Correct Answer: (1, 2)

Exam Year: 2023

Solution:

To find horizontal tangents, set dy/dx = 0. dy/dx = 3x^2 - 6x = 0 gives x = 0 and x = 2. At x = 1, y = 2.

Find the point on the curve y = x^3 - 3x^2 + 4 where the tangent is horizontal. (2023)

Find the point on the curve y = x^3 - 3x^2 + 4 where the tangent is horizontal. (2023)

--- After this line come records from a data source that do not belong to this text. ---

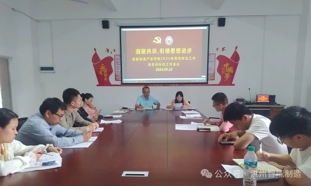 在高等职业院校的发展进程中,思想政治工作与意识形态工作始终占据着至关重要的地位。5月22日,智能制造产业学院在A202会议室召开思想政治工作暨意识形态工作会议,此次会议由黄小红书记主持,全院教师共同聚焦这一关键主题,探讨如何在新时代更好地推动我院思想建设,引领学生成长成才。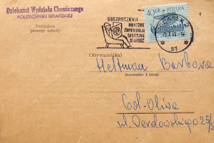 Na prezentowanych zdjęciach widać zawiadomienie, które otrzymałam, informujące o tym, że dostałam się na Wydział Chemii i z dniem 1 października 1966 roku rozpocznę naukę na pierwszym roku.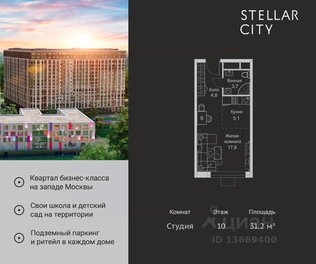 Прямая продажа от застройщика. Продаётся студия общей площадью 22.20 м² с предчистовой отделкой в ЖК VEER на 10-м этаже 22 этажного дома. Жилой комплекс бизнес-класса VEER от компании MR — это футуристичный мультиквартал, расположенный в престижной локации на западе Москвы. Благодаря переменной высоте башен — двух 22-этажных, 46-этажной и двух 59-этажных — возникает динамичность в силуэте комплекса, а его яркий образ вносит разноплановость в архитектурный пейзаж района. Расположение и транспортная доступность: • VEER удобно расположен в непосредственной близости от Кутузовского проспекта, обеспечивая быстрый доступ к центральным районам Москвы • Комплекс находится непосредственно напротив самого большого природного заказника в Москве - парка "Долина реки Сетунь", а за семь минут можно доехать до памятника садово-паркового искусства, Троекуровского леса. • Всего в 15 минутах - центр города, самая престижная бизнес-школа управления России "Сколково", дом творчества "Переделкино". • 18 минут пешком до м. "Давыдково" • Открытие новых станций метро в шаговой доступности в будущем Инфраструктура: Разнообразить свой день резиденты VEER смогут также проводя больше времени на свежем воздухе. Двор разделен на 4 зоны разных эмоций и действий, которые пересечены и соединены веерными прогулочными маршрутами: • Спортивная площадка устроена в глубине "Кленовой рощи" • В "Чайном домике" будет создан навес с утеплением для отдыха в любую погоду • Площадки для детей воплотятся в "Волшебный лес" с цветами, зеркалами и световым дизайном • "Центральная площадь" устроена у водного оазиса живописного пруда. Компания MR предлагает своим клиентам специальные условия приобретения квартир в рамках программ ипотечного кредитования от банков-партнеров.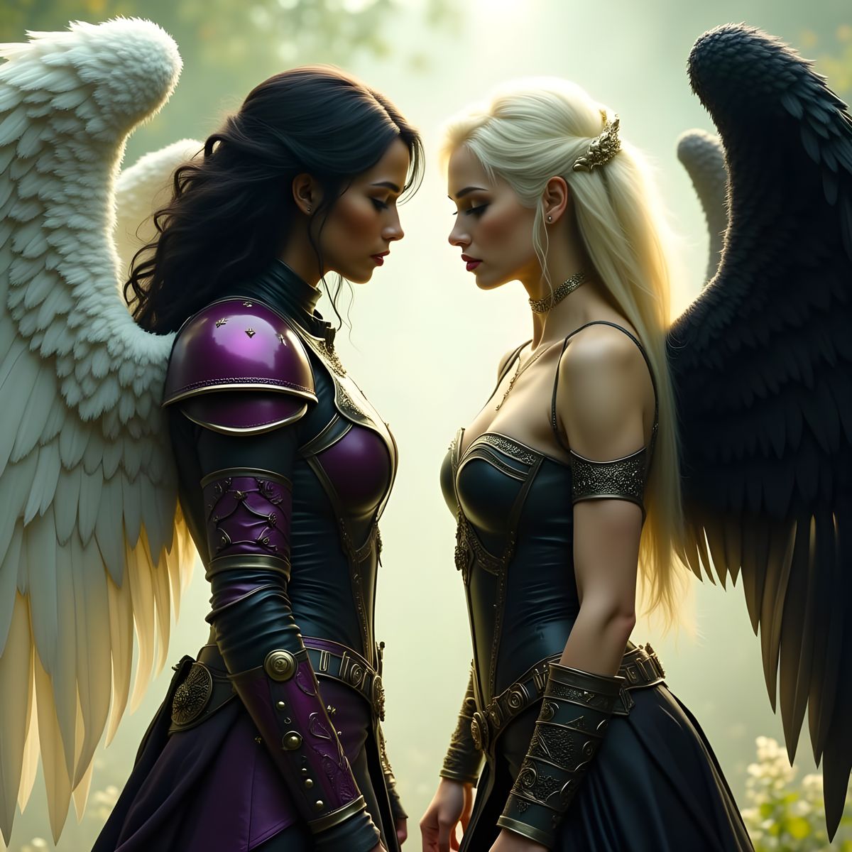 This image shows two beautiful angels poised for battle. One angel has dark hair and white wings, clad in purple and green armor. The other has platinum blonde hair and black wings, wearing black and gold armor in a cinematic style.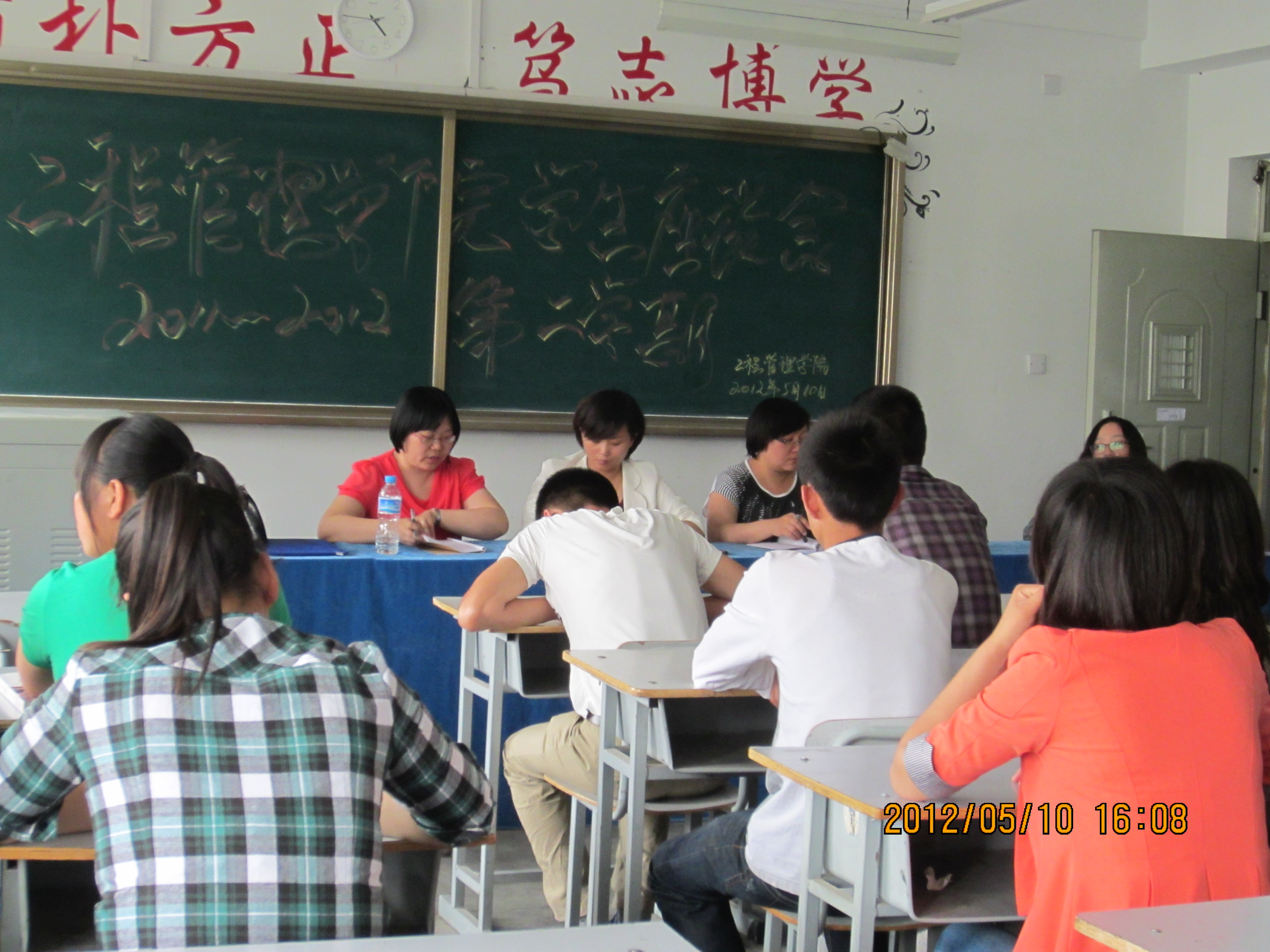 2012年5月10日下午15时30分,我院在一号教学楼202教室召开2011—2012学年第二学期期末学生座谈会。我院副院长斯庆、工程管理教研室主任高娃和工程造价教研室主任褚菁晶出席会议,我院学生代表针对我院教学、生活等方面发表看法并提出建议。

Step 1: Start with the curve equation y = x^3 - 3x^2 + 4.
Step 2: Find the derivative of y with respect to x, which is dy/dx. This tells us the slope of the tangent line.
Step 3: Calculate the derivative: dy/dx = 3x^2 - 6x.
Step 4: To find where the tangent is horizontal, set dy/dx = 0. This means we want to solve the equation 3x^2 - 6x = 0.
Step 5: Factor the equation: 3x(x - 2) = 0.
Step 6: Set each factor to zero: 3x = 0 gives x = 0, and x - 2 = 0 gives x = 2.
Step 7: Now we have two x-values: x = 0 and x = 2. We need to find the corresponding y-values for these x-values.
Step 8: For x = 0, substitute into the original equation: y = 0^3 - 3(0^2) + 4 = 4.
Step 9: For x = 2, substitute into the original equation: y = 2^3 - 3(2^2) + 4 = 8 - 12 + 4 = 0.
Step 10: The points where the tangent is horizontal are (0, 4) and (2, 0).

Differentiation – Understanding how to find the derivative of a function to determine the slope of the tangent line.
Finding Critical Points – Identifying points where the derivative equals zero to find horizontal tangents.
Evaluating Functions – Calculating the value of the original function at specific x-values to find corresponding y-values.